Start of Given information

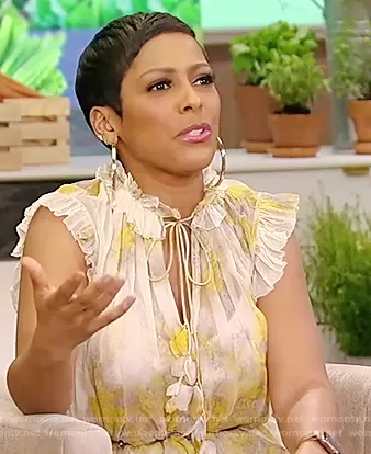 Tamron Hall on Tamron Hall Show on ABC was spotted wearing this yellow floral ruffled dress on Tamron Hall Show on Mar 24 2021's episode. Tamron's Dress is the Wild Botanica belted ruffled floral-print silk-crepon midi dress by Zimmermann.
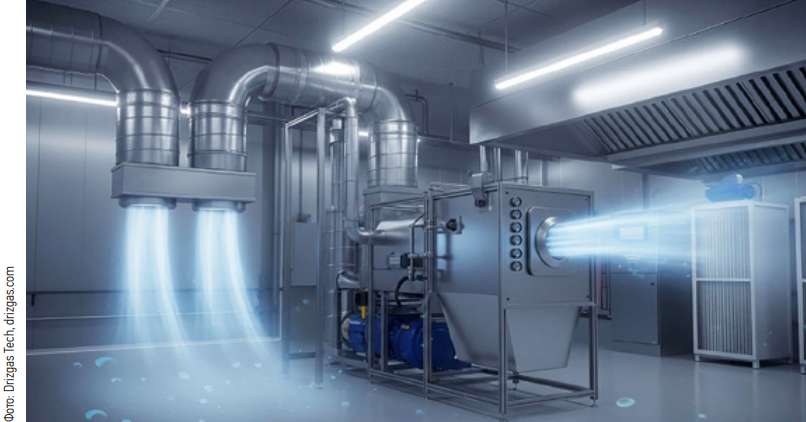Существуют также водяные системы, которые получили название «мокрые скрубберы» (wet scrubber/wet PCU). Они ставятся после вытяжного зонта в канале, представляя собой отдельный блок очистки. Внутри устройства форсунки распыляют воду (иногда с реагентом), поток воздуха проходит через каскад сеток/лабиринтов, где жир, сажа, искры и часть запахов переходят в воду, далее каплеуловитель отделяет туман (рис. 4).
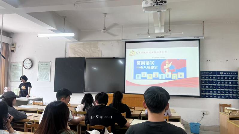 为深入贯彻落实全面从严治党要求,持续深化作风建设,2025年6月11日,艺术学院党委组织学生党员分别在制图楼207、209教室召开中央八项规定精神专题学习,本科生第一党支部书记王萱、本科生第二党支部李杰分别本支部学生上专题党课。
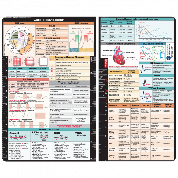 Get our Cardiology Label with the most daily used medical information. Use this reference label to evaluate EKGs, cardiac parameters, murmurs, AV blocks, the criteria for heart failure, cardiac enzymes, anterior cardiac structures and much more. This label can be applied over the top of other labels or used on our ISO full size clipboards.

End of Given information
Start of Given information

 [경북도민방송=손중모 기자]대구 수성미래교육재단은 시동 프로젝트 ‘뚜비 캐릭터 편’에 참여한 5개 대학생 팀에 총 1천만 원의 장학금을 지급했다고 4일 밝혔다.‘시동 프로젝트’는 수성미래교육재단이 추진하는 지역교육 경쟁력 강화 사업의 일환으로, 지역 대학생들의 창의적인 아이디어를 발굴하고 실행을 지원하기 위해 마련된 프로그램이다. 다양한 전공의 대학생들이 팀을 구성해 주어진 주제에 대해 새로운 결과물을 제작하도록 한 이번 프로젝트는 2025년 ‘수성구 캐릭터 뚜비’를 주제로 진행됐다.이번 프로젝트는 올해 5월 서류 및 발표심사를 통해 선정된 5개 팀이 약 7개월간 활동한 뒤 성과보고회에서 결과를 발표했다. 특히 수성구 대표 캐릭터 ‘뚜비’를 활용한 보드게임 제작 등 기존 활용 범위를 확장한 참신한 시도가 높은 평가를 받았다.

End of Given information

▸ **Work to be completed**
Take the material above from the line bearing "为深入贯彻落实全面从严治党要" through the line bearing "Get our Cardiology" and write it out exactly, both end lines included. Pictures stay out.

▸ **Exercise output**
 为深入贯彻落实全面从严治党要求,持续深化作风建设,2025年6月11日,艺术学院党委组织学生党员分别在制图楼207、209教室召开中央八项规定精神专题学习,本科生第一党支部书记王萱、本科生第二党支部李杰分别本支部学生上专题党课。
 Get our Cardiology Label with the most daily used medical information. Use this reference label to evaluate EKGs, cardiac parameters, murmurs, AV blocks, the criteria for heart failure, cardiac enzymes, anterior cardiac structures and much more. This label can be applied over the top of other labels or used on our ISO full size clipboards.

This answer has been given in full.